Shirak's home stadium has always been the Gyumri City Stadium, built in 1924 and currently the oldest football stadium in the country. Following renovation works in 1999, the stadium became an all-seater stadium with a capacity for 2,844. The stadium pitch and facilities were upgraded in 2012 to meet all UEFA stadium regulations, allowing Shirak to play its UEFA Champions League and UEFA Europa League qualifying matches at home.

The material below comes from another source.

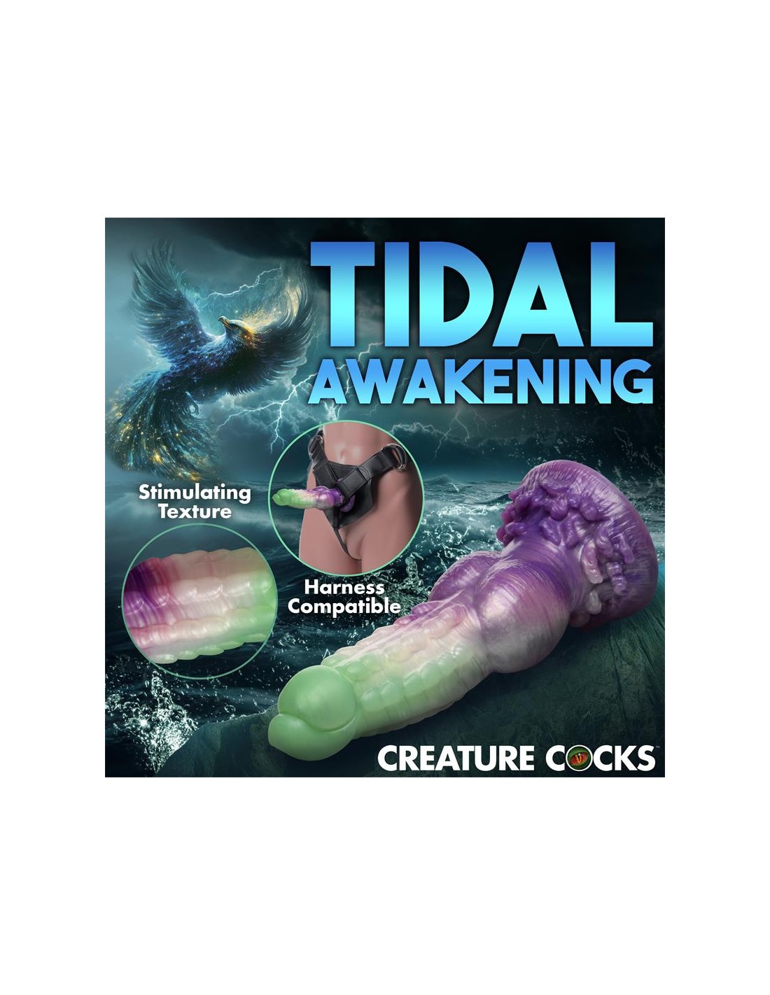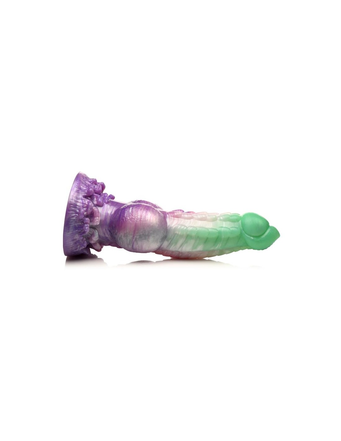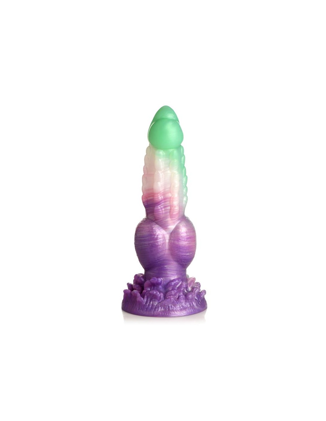 ¡Deja volar tus fantasías míticas! Este singular Aqua Phoenix muere y renace no por fuego, sino con el poder de los mares agitados. El dildo verde jade y morado presenta hileras de firmes crestas a lo largo del eje, una punta lisa, nudos redondos cerca de la base y un plumaje de olas rompientes en la base. Este dildo carnoso tiene una cabeza cónica para facilitar la inserción, pero un cuerpo grueso y grueso que te llevará al límite. Hecho de silicona premium, flexible y libre de ftalatos, este dildo es seguro para el cuerpo y se recomienda usarlo solo con lubricantes a base de agua. ¡Disfruta de experiencias con manos libres gracias a su potente base de ventosa! ¡Invita a tu pareja a disfrutar de un cosplay erótico o un juego de rol de fantasía y usa su arnés favorito para transformar este dildo en un strap-on! Después, asegúrate de lavarlo con agua tibia y jabón suave, rociarlo con un limpiador de juguetes y dejarlo secar al aire. Mantener alejado de la luz solar directa y del calor.

The stadium capacity was once again increased, this time to the current 4,500 capacity following a second round of renovations in 2019. These renovations included new seating in the south end of the stadium.

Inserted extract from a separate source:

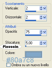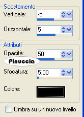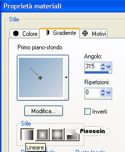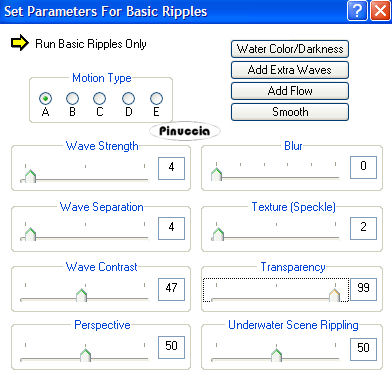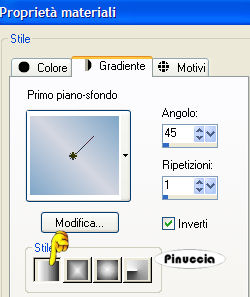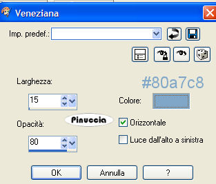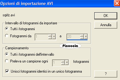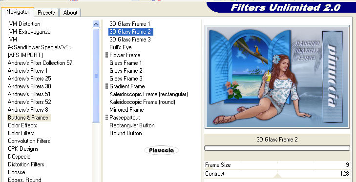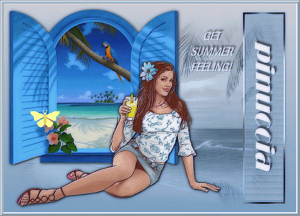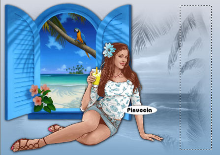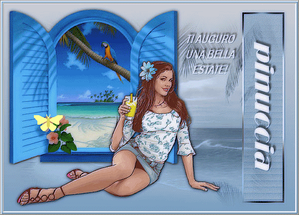 qui puoi trovare qualche risposta ai tuoi dubbi. Se l'argomento che ti interessa non è presente, ti prego di segnalarmelo. Occorrente: Materiale: qui Tubes: DaisyWeb Window to Paradise 1, Daisy BeachHouse, Mtm Vector Jessica Finson Summertime, Animazione: Summerbutt.mng. Filtri: Filters Unlimited 2.0 qui FM Tile Tools qui Xero - Porcelain qui Graphics Plus qui Il programma Sqirlz Water Reflections, per animare l'acqua. Brigitte e Daisy hanno concesso soltanto l'uso personale dei loro tubes. Non puoi usarli per i tuoi tutorials. Non cambiare il nome del file e non cancellare il livello del copyright. 1. Apri una nuova immagine trasparente 700 x 500 pixels. Imposta il colore di primo piano con #d5d8e1, e il colore di sfondo con #80a7c8. Passa il colore di primo piano a Gradiente di primo piano/sfondo, con i seguenti settaggi: ![]() Riempi l'immagine trasparente con questo gradiente.2. Selezione>Seleziona tutto. Livelli>Nuovo livello raster. 3. Apri il tube DaisyWeb Window to Paradise 1, e vai a Modifica>Copia. Torna al tuo lavoro e vai a Modifica>Incolla>Incolla come nuovo livello. Immagine>Rifletti. Immagine>Ridimensiona, all'80% %, tutti i livelli non selezionato. ![]() Sposta l'immagine a sinistra.Effetti>Effetti 3D>Sfalsa ombra: ![]() ![]() 4. Apri il tube Mtm Vector Jessica Finson Summertime e vai a Modifica>Copia. Torna al tuo lavoro e vai a Modifica>Incolla>Incolla come nuovo livello. Immagine>Rifletti. Immagine>Ridimensiona, al 70% bicubica, tutti i livelli non selezionato. Sposta il tube a destra della finestra.Effetti>Effetti 3D>Sfalsa ombra, con i settaggi usati al passo 3. 5. Attiva lo strumento Selezione , rettangolo,e disegna un rettangolo sul lato destro dell'immagine. ![]() Cambia i settaggi del gradiente: ![]() Livelli>Nuovo livello raster. Riempi la striscia con il gradiente.Effetti>Effetti di trama>Veneziana, con il colore scuro. ![]() Regola>Aggiungi/rimuovi disturbo/Aggiungi disturbo: ![]() Regola>Messa a fuoco>Metti a fuoco. 6. Selezione>Modifica>Contrai, di 4 pixels. Selezione>Inverti. Selezione>Mobile. Selezione>Immobilizza. Livelli>Nuovo livello raster. Cambia ancora una volta i settaggi del gradiente. ![]() Riempi la selezione con il gradiente.Effetti>Plugins>Graphics Plus - Cross Shadow, con i settaggi standard. ![]() Ripeti l'Effetto Cross Shadow. Selezione>Nessuna selezione. Abbassa l'opacità della striscia al 50%. ![]() Chiudi tutti i livelli, eccetto il livello della striscia e della cornice. ![]() Livelli>Unisci>Unisci visibile. Effetti>Effetti 3D>Sfalsa ombra, con i settaggi precedenti. Ripeti l'Effetto Sfalsa ombra, con il colore scuro di sfondo. ![]() 7. Imposta il colore di sfondo con il bianco, e chiudi il colore di primo piano. Attiva lo strumento Testo .e scegli un bel font. Io ho usato Broadway (standard di Windows), dimensione 30, crea come vettore. ![]() per la dimensione dovrai regolarti a seconda della lunghezza del testo, e della versione di PSP che stai usando. Scrivi il tuo nome. Immagine>Ruota>Ruota per gradi, 90 gradi a destra. ![]() Livelli>Converti in livello raster. Effetti>Effetti 3D>Sfalsa ombra: ![]() Scegli un altro bel font, e scrivi un piccolo testo. tra la donna e la striscia, sempre il colore bianco come colore di sfondo. Livelli>Converti in livello raster. Effetti>Effetti 3D>Sfalsa ombra, con gli stessi settaggi usati per il nome. Se vuoi, questo è il momento di aggiungere il tuo watermark. 8. Livelli>Unisci>Unisci tutto. Effetti>Plugins>FM Tile Tools - Blend Emboss, con i settaggi standard. ![]() Effetti>Plugins>Xero - Porcelain, con i settaggi standard. ![]() 9. Immagine>Aggiungi bordatura, 3 pixels, simmetriche, con il colore bianco. Immagine>Aggiungi bordatura, 3 pixels, simmetriche, con il colore scuro di sfondo. Immagine>Aggiungi bordatura, 3 pixels, simmetriche, con il colore bianco. 10. Selezione>Seleziona tutto. Selezione>Modifica>Contrai, di 9 pixels. Selezione>Inverti. Effetti>Plugins>Filters Unlimited - Buttons and Frames, 3D Glass Frame 2: ![]() Selezione>Nessuna selezione. 11. Immagine>Ridimensiona, a 600 pixels di larghezza. Salva in formato jpg. ![]() Apri il programma Sqirlz Water Reflections. Apri il file che hai appena salvato. Vai a Outline>Begin. ![]() Con lo stesso sistema che usi con la Selezione a mano libera di PSP, seleziona lo specchio d'acqua all'interno della finestra. Assicurati di lasciare fuori dalla selezione la mano della ragazza e i fiori. Alla fine, per chiudere la selezione clicca con il tasto destro del mouse. ![]() Clicca adesso sull'icona delle onde blu. ![]() e imposta i seguenti valori. ![]() Chiudi la finestra e ti ritroverai sulla schermata del programma. Vai a Animate>Make avi File: ![]() e inizierà la sequenza di salvataggio. In tutte le finestre che appariranno clicca ok. Apri Animation Shop e apri il file che hai appena salvato. Apparirà questa finestra. ![]() Clicca ok e avrai la tua animazione, composta da 20 fotogrammi. Clicca sul primo fotogramma per selezionarlo e vai a Modifica>Seleziona tutto. Animazione>Proprietà fotogramma, e imposta la velocità a 8. ![]() Apri adesso l'animazione fornita con il tutorial: Summerbutt.mng. Clicca sul primo fotogramma per selezionarlo e vai a Modifica>Seleziona tutto. Modifica>Copia. Torna al tuo lavoro e vai a Modifica>Incolla>Incolla nel fotogramma selezionato. Posiziona la farfalla sul vaso di fiori e, quando sei sicuro di aver trovato la posizione corretta, rilascia il tasto del mouse. Per controllare il risultato clicca su Visualizza ![]() Se non ti piace, puoi tornare indietro con Modifica>Annulla incolla, e ripetere l'operazione. Quando sei soddisfatto, salva in formato gif. ![]() ![]() Se hai problemi o dubbi, o trovi un link non funzionante, o anche soltanto per un saluto, scrivimi. 10 Giugno 2007 |

===List of stadiums used by the club===
- Gyumri City Stadium: 1958–

==Supporters==

Shirak's fans are known as the Black Panthers, in honor of the panther that appears on the flag of the Bagratid dynasty. Shirak's supporters are also considered to be one of the best in Armenian football, with high match attendance and active supporters during matches. Supporters have rioted against club management when the club failed to reach desired results in the past.

==Rivalries==
Shirak's main rival is considered to be Gandzasar. This rivalry grew as both teams were the only teams in the league that weren't from Yerevan, and thus competed to be the best team from the provinces.

==Players==

===Current squad===

| No. | Pos. | Nation | Player |
|---|---|---|---|
| 2 | DF | ARM | Hovhannes Pahlevanyan |
| 3 | DF | ARM | Ruben Karagulyan |
| 4 | DF | ARM | Hamlet Mnatsakanyan |
| 5 | DF | ARM | Tigran Sumbulyan |
| 6 | MF | ARM | Rafik Misakyan (captain) |
| 8 | MF | ARM | Levon Darbinyan |
| 9 | FW | ARM | Lyova Mryan |
| 11 | MF | ARM | Sergey Manukyan |
| 14 | MF | ARM | Vardan Tovmasyan |
| 15 | MF | ARM | Narek Janoyan |
| 17 | FW | ARM | Emil Papikyan |
| 18 | MF | ARM | Samvel Ghukasyan |
| 20 | MF | ARM | Rudik Mkrtchyan |

| No. | Pos. | Nation | Player |
|---|---|---|---|
| 21 | FW | CIV | Donald Kodia |
| 22 | DF | ARM | Mher Tarloyan |
| 23 | DF | ARM | Suren Tsarukyan |
| 25 | DF | ARM | Gagik Akulyan |
| 26 | DF | SRB | Aleksa Vidić |
| 28 | FW | NGA | Jesse Akila |
| 55 | GK | ARM | Lyova Karapetyan |
| 60 | DF | ARM | Tigran Karapetyan |
| 66 | MF | ARM | Vazgen Sargsyan |
| 77 | MF | RUS | Grigor Ghumashyan |
| 88 | DF | ARM | Yuri Vardanyan |
| 96 | GK | ARM | Sokrat Hovhannisyan |

===Out on loan===

| No. | Pos. | Nation | Player |
|---|---|---|---|

===Technical staff===

| Position | Name |
|---|---|
| Head coach | ARM Vardan Bichakhchyan |
| First Assistant Coach | ARM Felix Khojoyan |
| Assistant coach | ARM Hovhannes Tahmazyan |
| Goalkeepers Coach | ARM Artur Hovhannisyan |
| Team Manager | ARM Ararat Harutyunyan |
| Masseur | ARM Armen Sukiasyan |
| Translator | ARM Harutyun Harutyunyan |
| Shirak-2 Coach | ARM Tigran Davtyan |

==Institutional==

=== Executive board ===
Arman Sahakyan has been the President of Shirak since he purchased the club in 2010.

=== Staff ===
- Technical director: Georgi Matevosyan
- Sporting director: Andranik Adamyan
- Press Secretary: Arman Maloyan
- Administrator: Suren Simonyan

==Honours==

===Domestic===
====League====
- Armenian Premier League
  - Champions (4): 1992, 1994, 1999, 2012–13

====Cup====
- Armenian Cup
  - Winners (2): 2011–12, 2016–17
- Armenian Super Cup
  - Winners (6): 1997, 2000, 2003, 2013, 2017, 2023

==Other sports sections==

===Football reserves and academy===
Shirak's youth academy has produced several notable players throughout its history. Artur Petrosyan is the most prominent academy product, having a successful career in Armenia and European football.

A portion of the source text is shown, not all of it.